TV content is beginning to trickle from Canada to the U.S. Canwest exec VP of content Barb Williams countered the protest by showcasing Global’s summer series “Rookie Blue” (simulcast in the U.S. by ABC), a Canadian-made cop soap following five rookies.
CBS has picked up a second season of the Canuck-made “Flashpoint” and “The Bridge.”
Canuck skeds, meanwhile remain packed with U.S. shows. In fact, this fall’s timeslot battles will likely reflect many of the nightly tussles south of the border, with the majority of U.S. shows airing in simulcast with the U.S. networks. CTV fills 18 out of 21 primetime slots with simulcast programming, while Global has 15 such slots.
CTV has nabbed “The Conan O’Brien Show” (TBS) for its flagship web and Comedy Network latenight blocks, and secured Simon Cowell’s “The X Factor” for 2011; while Canwest, which has seen increasing success among its specialty channels, announced it will launch the Global Reality channel in July.
Meanwhile, Rogers’ Citytv announced it will slot new fare from producer heavyweights Jerry Bruckheimer — NBC’s “Chase” and ABC’s “The Whole Truth” — and J.J. Abrams’ spy drama “Undercovers” (NBC), amid several returning shows on its primetime sked, including “Parenthood,” “30 Rock” and “Fringe” (wrestled from CTV’s sister network A).
In the fall, Global bows original Canadian series “Shattered,” starring Callum Keith Rennie (“Battlestar Galactica”) as a cop with a multiple-personality disorder.
Global’s other U.S. buys preeming this fall include “Hawaii Five-O” (CBS), Jimmy Smits starrer “Outlaw” (NBC), anthology series “Love Bites” (NBC), conman drama “Lonestar” (Fox), midseason cop drama “Ride-Along” (Fox), call-center sitcom “Outsourced” (Fox) and yet-to-be-scheduled family drama “Raising Hope” (Fox).

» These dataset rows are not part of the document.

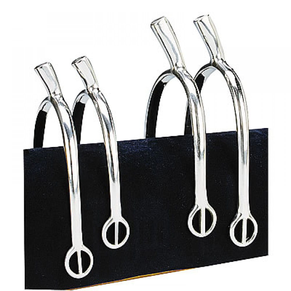 Ostrogi wykonane ze stali nierdzewnej. Posiadają zaokrąglone końce, co ułatwia przekładanie pasków. Wewnętrzna część ostrogi jest krótsza, dzięki czemu ostrogi lepiej dopasowują się do kształtu butów.
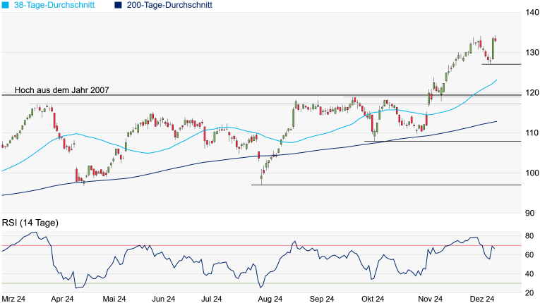 wenn auch nur knapp - im Hoch ging es bei 134,30 Franken auf ein neues 22-Jahres-Hoch aufwärts. Das nächste Hindernis taucht nun am Zwischenhoch vom August 2002 bei 137,00 Franken auf, doch dürfte übergeordnet sogar Platz bis zum Hoch vom Mai 2002 bei 171,25 Franken sein. Das Allzeithoch aus dem Jahr 1998 bei 204,15 Franken erscheint zunächst doch noch ziemlich weit entfernt zu sein. Kommt es erneut zu Gewinnmitnahmen, könnte das jüngste Verlaufstief bei 127,10 Franken noch einmal in
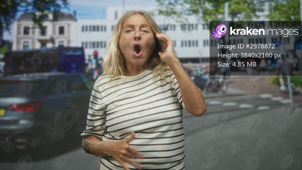 Senior woman holding phone to ear, hand on forehead and expressive open mouth gesture on urban street with cars and bicycles; surprise.
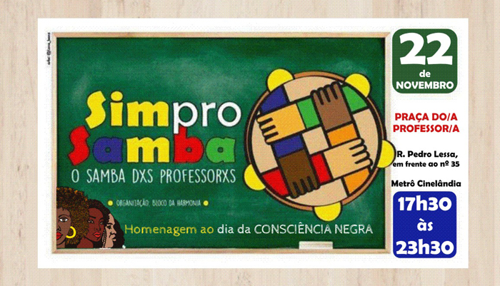SIM pro SAMBA: dia 22/11, 17h30, na praça dos/as Professores/as
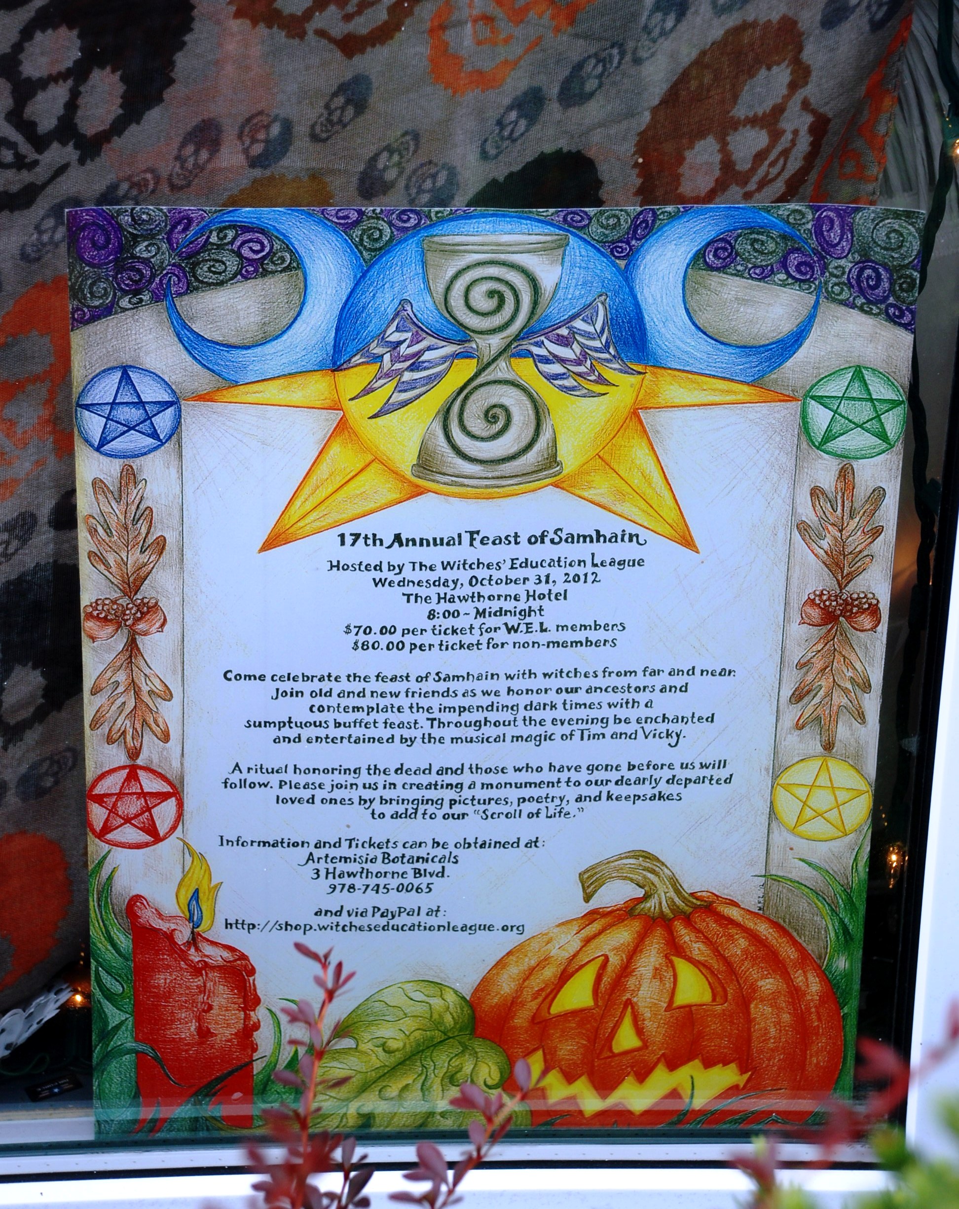 A sign in a consignment shop window advertising the “17th Annual Feast of Samhain”, hosted by The Witches’ Education League.

If top Canuck network CTV’s buzzword last fall was “stability,” this fall it’s “shuffle,” with popular shows — “Two and a Half Men,” “Medium” and “Criminal Minds” (Canada’s third-ranked show last season) — moving to sister network A.
Anchored by returning series “Grey’s Anatomy,” the “CSI” franchise and Canada’s top-rated sitcom “The Big Bang Theory,” CTV makes room for several new series, including superhero family drama “No Ordinary Family” (ABC), buddy lawyer skein “The Defenders” (CBS), “Law and Order: LA” (NBC), cop drama “Blue Bloods” (CBS) and Twitter-inspired sitcom “$#*! My Dad Says” (CBS), starring William Shatner.
Midseason highlights include Matthew Perry starrer “Mr. Sunshine” (ABC); Renaissance drama “The Borgias” (Showtime), which co-stars popular Canuck thesp Colm Feore; and Paula Abdul’s “Got to Dance” (CBS).
CTV’s popular domestic cop series “Flashpoint,” newcomer “The Bridge” and sitcoms “Hiccups” and “Dan for Mayor” are renewed, but won’t air until next year.
Pubcaster CBC announced its fall sked the previous week. It includes the sophomore season of reality show “Battle of the Blades,” the final season of “The Tudors,” returning series “Being Erica” and new sitcom “Men With Brooms.” All are Canadian productions or co-productions.